С того дня, когда сын оказался рядом, с Марком произошли такие перемены, что Верниковский только и делал, что мысленно костерил себя – почему не признался во всём раньше? Почему не забрал Марка, пусть даже и на условиях Светы? Хотя, он знал ответ на этот вопрос. Это было равносильно тому, чтобы потерять настолько же ценное – любимого человека.
Он всё думал, что сможет как-то компенсировать Марку своё редкое присутствие, но сыну были нужны ни игрушки, или, скажем, походы в кафе. Ему нужно было ощущение земли под ногами, а не бесконечная карусель, в которой он был самым уязвимым звеном.
– Что сделали? – улыбнулся, увидев, как Марк прячет за спиной скворечник, который виден со всех сторон.
– Вот! Домик для птичек! Скоро осень, дед сказал, что им нужно будет где-то жить.
Сын нахмурился, как будто в воспоминаниях мелькнуло что-то нехорошее, но выражение лица Марка тут же смягчилось.
– Я пойду бабушке покажу. Она сегодня повидленные пироги печь будет.
Он умчался, а Верниковский тяжело опустился на стоящей в прихожей стул.
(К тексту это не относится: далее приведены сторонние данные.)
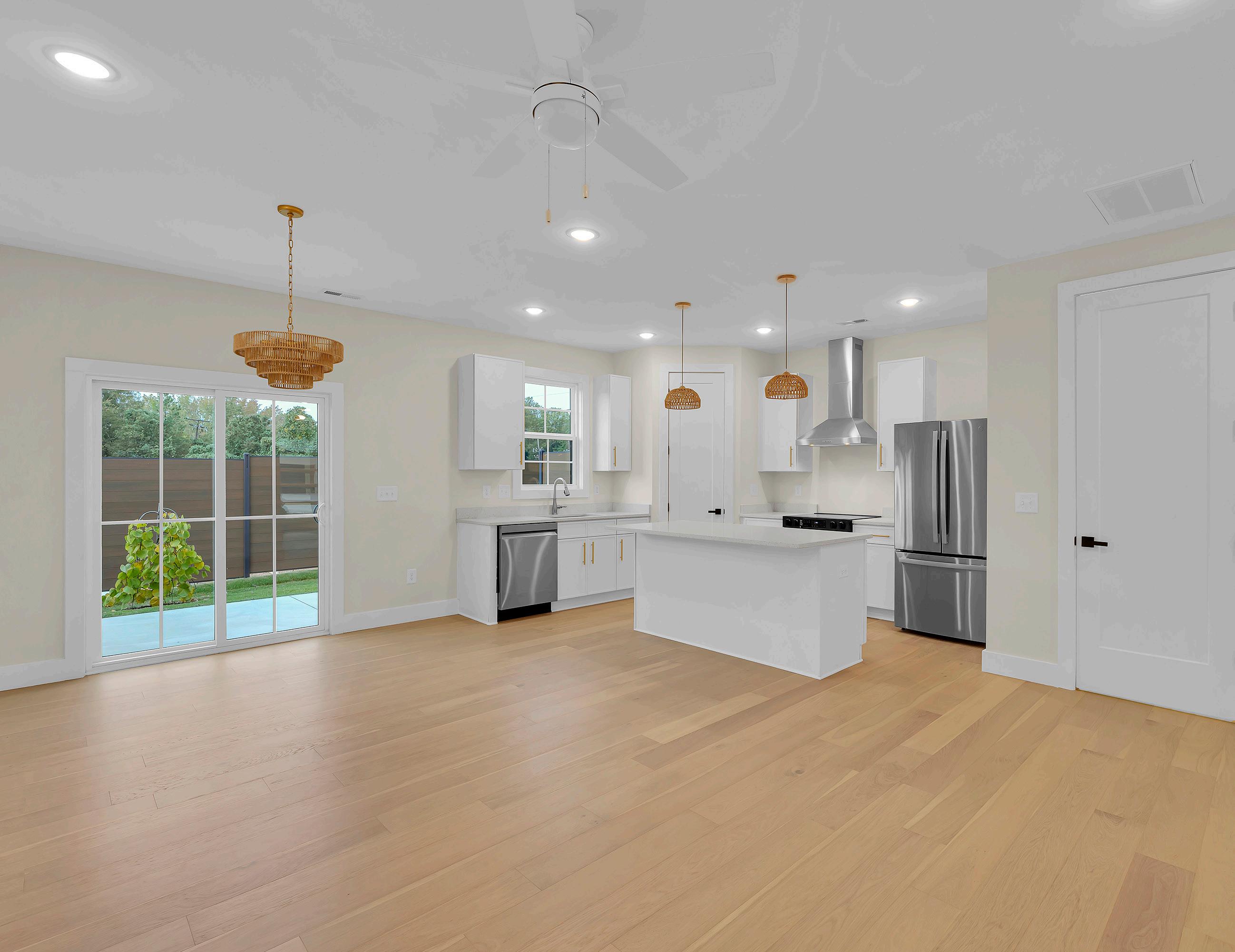 • Stainless steel appliances including smooth-top range, range hood, refrigerator and dishwasher. 42” upper cabinets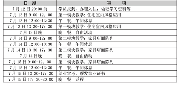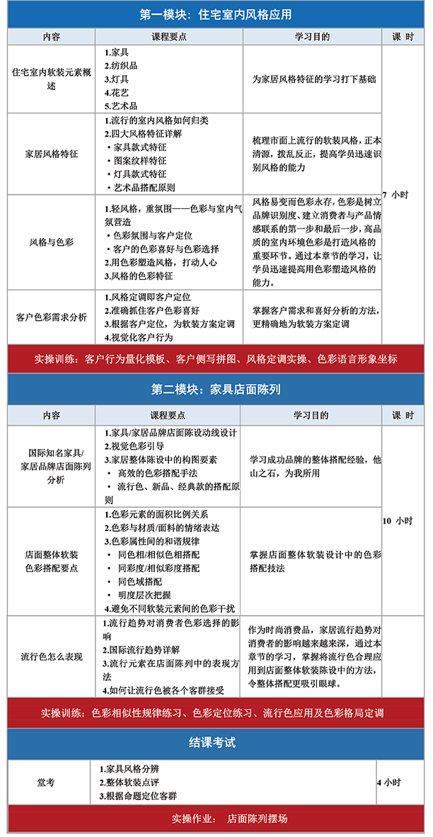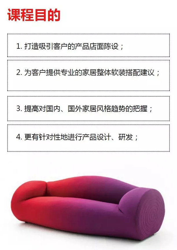 三、課程對象:針對家具生產企業、經銷商推出的家居整體搭配和設計課程。

– Ну? – потребовал ответа отец, выходя из ванной и вытирая руки о полотенце.
– Сказала, что ничего официально оформлять не согласна.
– Понятное дело, тогда алименты и квартира уплывут.
– Это ещё не всё.
Даня сделал глубокий вдох. Когда ехал домой, о многом успел передумать. И раз за разом приходилось напоминать себе, что сейчас для него главным станет вопрос того, чтобы узаконить проживание с ним Марка. Потому что мысли были о Соне. О том, что может сделать, чтобы только она не исчезла из его жизни. О том, каким дебилом был, когда со злости поимел незнакомую девку.
– Продолжай, – подогнал его отец.
– Алименты я платил не по суду. Расписок не брал. Света намекнула, что может стребовать их сейчас.
– Скотина!
Верниковский невесело хмыкнул. Он и перед отцом был виноват, когда просил его дать в долг, чтобы покрыть убытки за сгоревший дом.
– Но и это ещё не всё. Она пригрозила, что выставит меня похитителем, если я начну предпринимать какие-то шаги. Подам в суд, например.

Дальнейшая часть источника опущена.